• [What you have to do]:
Copy out the records precisely, omitting pictures.

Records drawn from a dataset
——————————
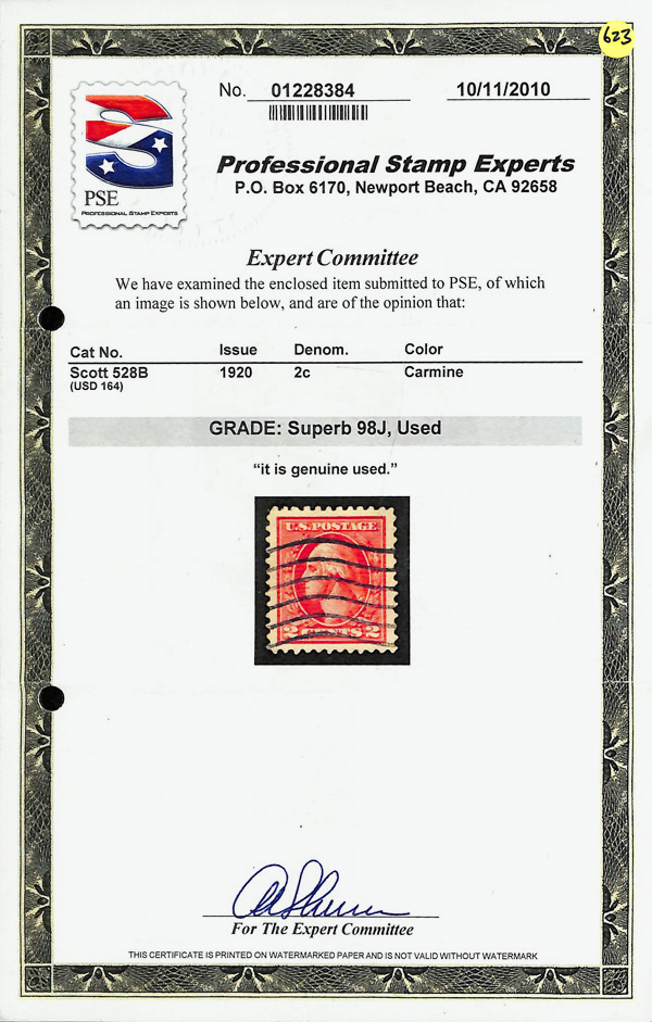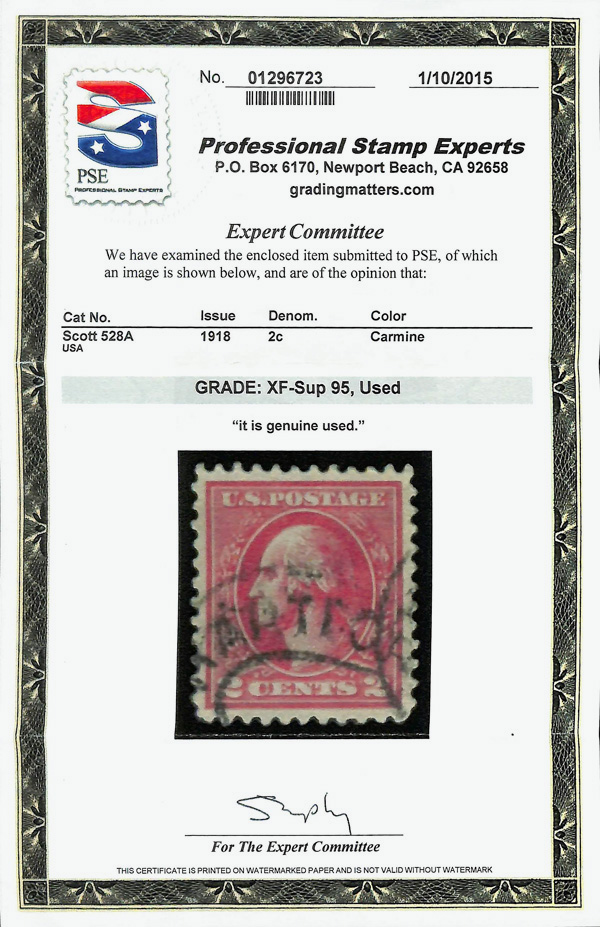 7299 O 528A image1918, 2¢ carmine, type VI, offset printing (Scott 528A), Extremely Fine to Superb, with 2015 P.S.E. certificate graded XF-SUP 95.
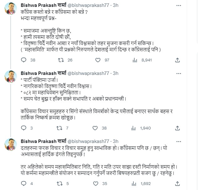 पहिलो ट्विटमा शर्माले महासमितिमार्फत कांग्रेसमाथि उठेका विभिन्न प्रश्नको जवाफ खोजिने बताएका छन् ।
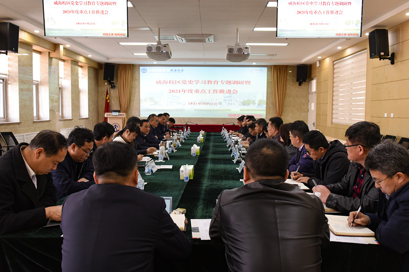 上午,威海校区在第一报告厅召开校区党史学习教育专题调研暨2021年度重点工作推进会。会上,威海校区机关党总支、航运学院、船舶与港口工程学院、国际商学院、基础教学部、威海海洋信息科学与技术研究院相关负责同志汇报了2020年取得的成绩、2021年工作的计划。
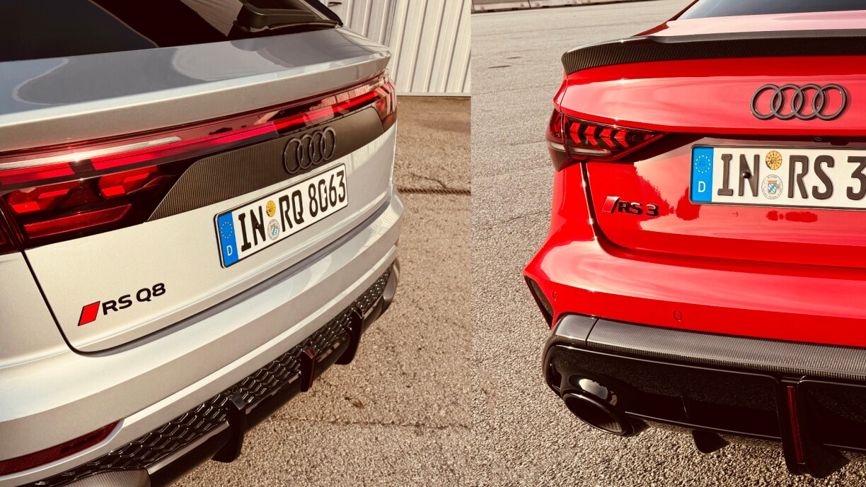 Wann ech soen am Ganzen, da schwätze mer an den nächste Minutten iwwer zwee Autoen. Engersäits den Audi RS3 an anersäits den Audi RS Q8 Performance. De Rich Simon konnt se béid fueren.
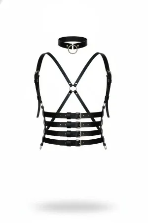 Black Women's Belt Leather Body Harness with Multiple Buckles - APFT609
——————————
• [Solved problem]:
 7299 O 528A image1918, 2¢ carmine, type VI, offset printing (Scott 528A), Extremely Fine to Superb, with 2015 P.S.E. certificate graded XF-SUP 95.
 पहिलो ट्विटमा शर्माले महासमितिमार्फत कांग्रेसमाथि उठेका विभिन्न प्रश्नको जवाफ खोजिने बताएका छन् ।
 上午,威海校区在第一报告厅召开校区党史学习教育专题调研暨2021年度重点工作推进会。会上,威海校区机关党总支、航运学院、船舶与港口工程学院、国际商学院、基础教学部、威海海洋信息科学与技术研究院相关负责同志汇报了2020年取得的成绩、2021年工作的计划。
 Wann ech soen am Ganzen, da schwätze mer an den nächste Minutten iwwer zwee Autoen. Engersäits den Audi RS3 an anersäits den Audi RS Q8 Performance. De Rich Simon konnt se béid fueren.
 Black Women's Belt Leather Body Harness with Multiple Buckles - APFT609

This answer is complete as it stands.